I don’t need tattoos I’ve got scars

Tree bark’s “tattoos” age more gracefully than human tattoos. 

By Tom Poland, A Southern Writer
TomPoland.net

Young with her whole life in front of her, her complexion was flawless. On her left shoulder in forever flight was the blue outline of a butterfly. Ought to be a story there I thought.

“Tell me about your tattoo.”

“Oh, I just love butterflies. That’s all.”

I expected a revelation, perhaps a deep connection to something illuminating. Disappointed I was. Then a realization hit me. Something must be wrong with me. I don’t have a single tattoo, but I don’t need a tattoo. Life gave me scars, and every scar tells a story whether you want it to or not.
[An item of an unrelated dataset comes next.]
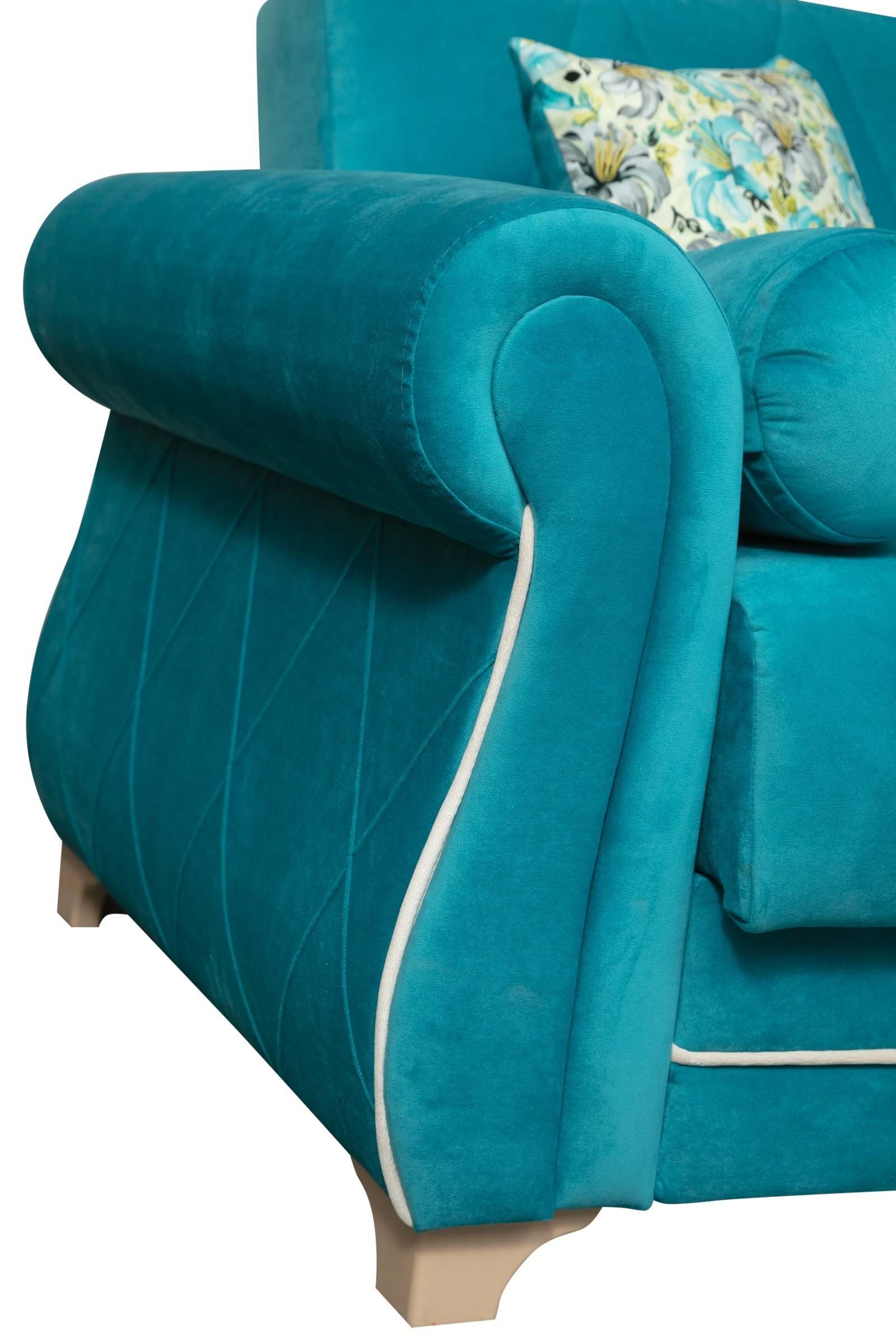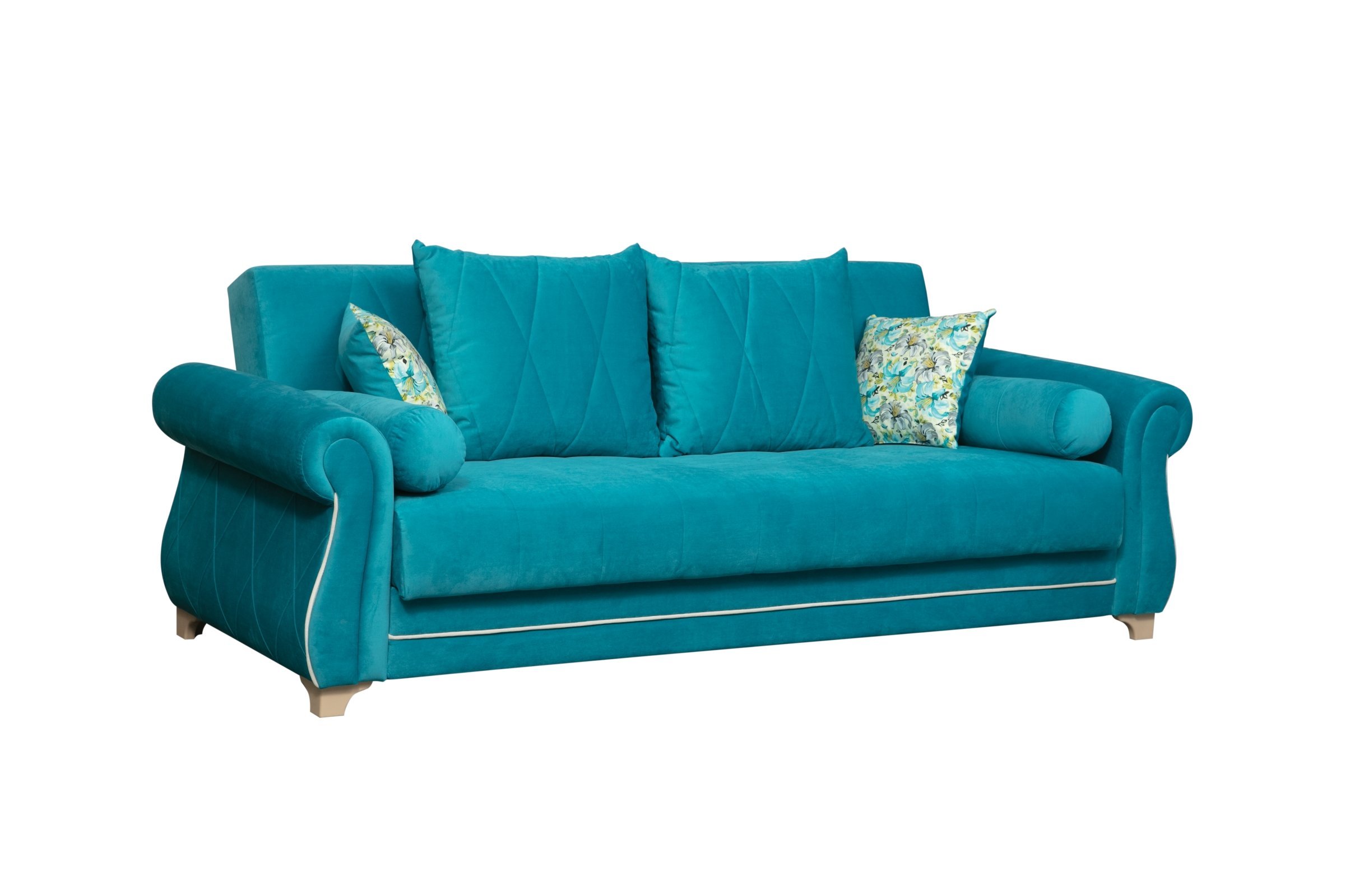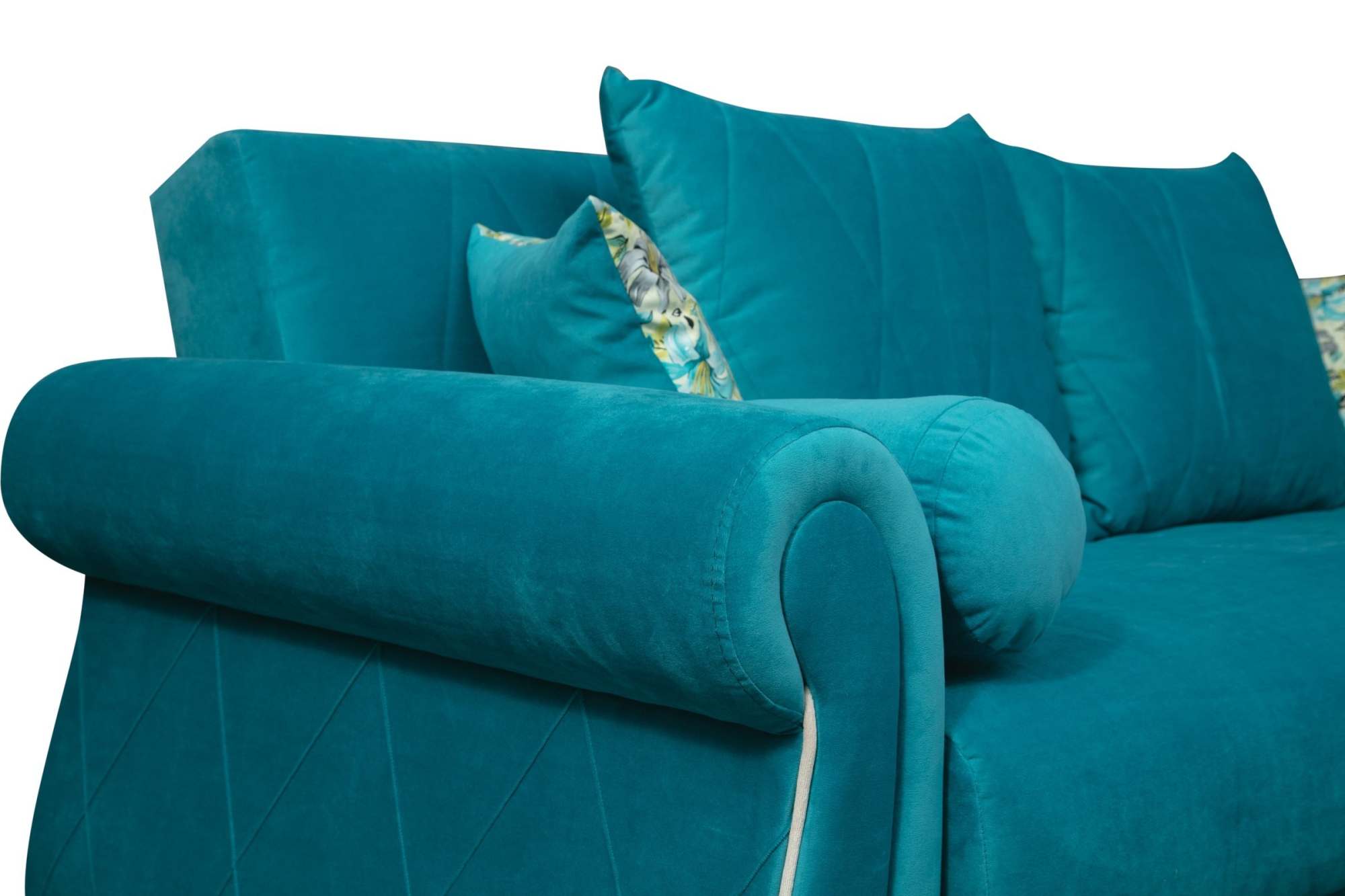 Диван-кровать «Порто» Велюр киви бирюза/Микровелюр цветы бирюза/Микровельвет кремовый

On the first play of my first football game an opponent ran over my left leg. His posts had no cleats. Two screws ripped out chunks of flesh that looked like stew beef. The team physician shot me up, cut the flesh away, and stitched me up. Played the rest of the game. To this day I can stick a needle in the scar and feel nothing. Won a few bets doing that.

While jogging in a state park, I ran past a boat trailer. A dog beneath it rushed out and bit me on my left knee. No rabies. A scar instead. And apologetic owners. Several stitches later I was good as new.

Fifty-one stitches snake across my left palm and up my index finger. Just nine years old, I was climbing an outbuilding at my Grandmother’s farm. About four feet off the ground I sunk my palm onto the business end of an upturned nail. I did the worst thing I could do. I let go. The nail ripped my palm and finger open.

Arthroscopic surgery cleaned up a torn meniscus and left scars. My running days over, coronary disease picked up the pace, fueled in large part by my lack of discipline.

An inch-long scar resides beneath my right knee where vein removal for bypass surgery gave me a few more years . . . I hope. Thanks to a zipper-like 5-inch scar and drainage tube incisions my chest looks like it took a burst from a machine gun.

Oldest among my scars are third-degree burns. Dead center my chest is a silver-dollar-sized burn scar. Round and perfect. Across my throat is a pale, ghostly reminder of the hot coals that gave me my scar on my chest. These scars create a mystery I’ll never solve. Time is running out for this codger.

So ends the tour of scars you can see. Others hide inside. Stories for another day.

Unlike the butterflies, roses, skulls, and reptilian sleeve tattoos some of you choose, my scars chose me. No needles. No dyes. Just bad luck and bad behavior.

Somehow I made it over Fool’s Hill with no ink. I don’t have some highly creative tattoo destined to age badly. My scars have aged with grace. They resemble what they have long been. Scars. I take solace in the words of Harry Crews.

“There is something beautiful about all scars of whatever nature. A scar means the hurt is over, the wound is closed and healed, done with.”

That’s true as physical scars go. False as emotional scars go. They last forever, like tattoos.

You, the inked, you are legion. I cannot go anywhere without seeing you, Inked Tribe. Upon your ankles, your throats, arms, legs, the back of your neck, I daresay across your face. I even saw a fellow with his entire torso inked, his bald head and face topped it off. Sometimes I wonder . . . is he still alive?

I get it that tattoos are cool. They’re hot too. If you get an MRI, your tattoo may heat up a bit. What? How’s that? Metallic particles in the ink heat up when the magnetic and radio waves strike them. No worries, you will survive and so will your chosen beauty marks.

A lot of you’ve got ‘em and wish you didn’t. I believe it would be humane if rain washed away tattoos . . . washed away that ink and regret, giving you a new chance at life. Imagine a field rife with wildflowers with many sitting in the rain, clothes torn away, arms outstretched . . . Now, let the hate mail begin because I know it’s coming.